Monday, January 10, 2011

The Hunger Games

1. The Hunger Games by Suzanne Collins

My first read of 2011 started the year off on the YA fantasy angle I wanted. Collins' book kept me enthralled through plane, Metro, and bus rides and I finished it in one epic day of travel. Her dystopian world is convincing in its own context and her protagonist Katniss manages to be a strong, likable heroine without compromising one jot of authenticity.I felt throughout that there was more to the world than seen in the book, and I imagine more of it will be divulged in the next two books of the trilogy.
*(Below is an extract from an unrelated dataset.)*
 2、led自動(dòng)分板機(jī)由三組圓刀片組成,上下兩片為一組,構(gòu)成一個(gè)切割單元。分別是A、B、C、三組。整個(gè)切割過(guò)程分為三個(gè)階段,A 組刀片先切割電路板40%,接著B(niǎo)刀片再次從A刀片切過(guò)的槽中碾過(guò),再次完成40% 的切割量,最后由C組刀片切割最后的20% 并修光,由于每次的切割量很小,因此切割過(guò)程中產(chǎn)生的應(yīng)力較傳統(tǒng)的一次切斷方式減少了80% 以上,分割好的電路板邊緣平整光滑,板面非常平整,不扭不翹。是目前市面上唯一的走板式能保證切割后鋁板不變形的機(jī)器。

Collins takes a very old idea, of pitting children against each other in a battle to the death, and infuses it with cultural and historical significance and a deep message about government control. The plot has its twists and turns, but the protagonist's reactions remain the most interesting thing about the book. Of course, this is also what the in-text audience is interested in, which sets up a creepy parallel between the reader and the sadistic (or coerced) watchers of the Hunger Games. We watch Katniss struggle to survive both physically and mentally and Collins creates a cast of worthy allies and opponents, all of whose motives must be suspect. The dangers Katniss faces seem real, as do the consequences, and, as in all good series, at the end of the book we're still questioning everyone's motives and what little nugget will blossom into the plot of the next book. We leave Katniss in a complex relationship and to the disturbing fate of having to coach "tribute" for the next year's Hunger Games. I have several guesses as to what will transpire next, but I'll keep that to myself.

Overall, compelling, original and containing a grittiness worthy of Orson Scott Card and a world worthy of J.K. Rowling. I strongly recommend this to readers of all ages and will be seeking out the rest of the trilogy.